Scared wasn’t the word. Every time I thought of that day, I felt again icy flames leap in my belly. The man, a vagrant, had been dead for at least twenty-four hours, we learned later. His blue eyes stared at nothing and dried blood matted his hair. He lay across a fallen log close to the trail that meandered along a tributary of the Yadkin River at the far end of my uncle’s property, and the cigarettes that had probably dropped from the pocket of his blue denim shirt were scattered on the ground.

“Of course I was scared. We were all scared, but that’s not going to happen again. He was somebody just passing through, and even after we learned his name, nobody knew who he was or why he was killed.”

Tobias King
. The name still sent a spike of fear right through my middle.
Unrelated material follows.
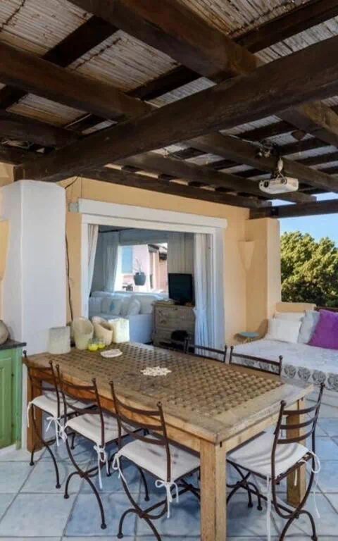 Das Appartment verfügt über eine überdachte Panoramaveranda mit Tisch und Stühlen, auf der man im Freien essen und einen schönen Blick auf den alten Pier der Bucht von Porto Cervo genießen kann.

My friend Beverly, who had been with me that day, experienced nightmares for years, and my cousin Grady won’t talk about it to this day.

“How do you know that whoever killed him won’t come back?” Josie asked, glancing over her shoulder as if the murderer were in hot pursuit.

“I don’t know why he would. That was almost twenty years ago,” I said.

“What if he never left?” Her brown eyes were accusing, as if I were to blame for allowing a murderer to run loose.

“Josie McBride, I’m not going to let anything happen to you! We’ve gone to Bramblewood every year since you were only a few weeks old. Just remember to stay out of those woods unless an adult is with you and you’ll be fine.”

“Darby and Jon go back there all the time. They say that place is haunted.”

“What place?” I knew my cousin Marge would skin her two boys if she knew they were wandering that close to the river.